OraSure getting reports of high false positive readings for OraQuick HIV test

By Ted A. Knutson

Washington, Dec. 20 - OraSure Technologies, Inc. announced Tuesday it has taken action in response to recent reports that clinical sites in San Francisco and New York City and the L.A. Gay and Lesbian Center have recently experienced an increased level of false positive results using the company's OraQuick Advance Rapid HIV-½ Antibody Test with oral fluid.

OraQuick Advance is a rapid screening test for antibodies to both HIV-1 and HIV-2, which can be used at the point of care with oral fluid, finger stick and venipuncture whole blood and plasma samples.

Immediately after receiving the reports of the false positives, the company said it began a scientific and systematic evaluation of each situation and has been working in collaboration with affected customers, health care officials and government agencies, including the Centers for Disease Control and Prevention and the Food and Drug Administration, to determine the cause or causes for these unexpected results. These evaluations include the collection of test data, an assessment of test procedures, specimen collection and other clinical variables, which could affect results at the sites.

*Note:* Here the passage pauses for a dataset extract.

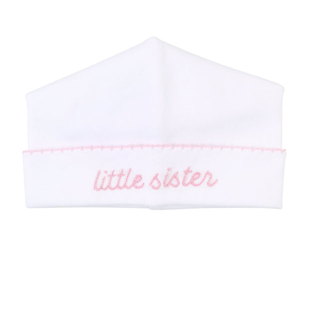 A heartfelt welcome to the family! Your newest arrival is in for a treat with our Little Sister Embroidered Hat, designed from the softest pima cotton. This cozy hat is not only perfect for keeping your little one warm and comfy but also for adding an extra touch of sweetness to those early family photos. Made with love, it's a wonderful way to introduce your littlest sibling.

OraSure said it has already met with each of the agencies experiencing the high false positive readings and is working to resolve the issues.

OraSure said the findings to date indicate that the majority of sites within the affected regions, as well as many other regions throughout the country, have reported low rates of false positives for oral fluid that are within the label claims for OraQuick Advance. The company said it has contacted hundreds of customers that represent a large majority of all test usage in the field and will continue to closely monitor test performance throughout the country.

Bethlehem, Pa.-based OraSure Technologies develops, manufactures and markets oral fluid specimen collection devices using proprietary oral fluid technologies, diagnostic products including immunoassays and other in vitro diagnostic tests, and other medical devices.

The announcement was made in an 8-K filing with the Securities and Exchange Commission.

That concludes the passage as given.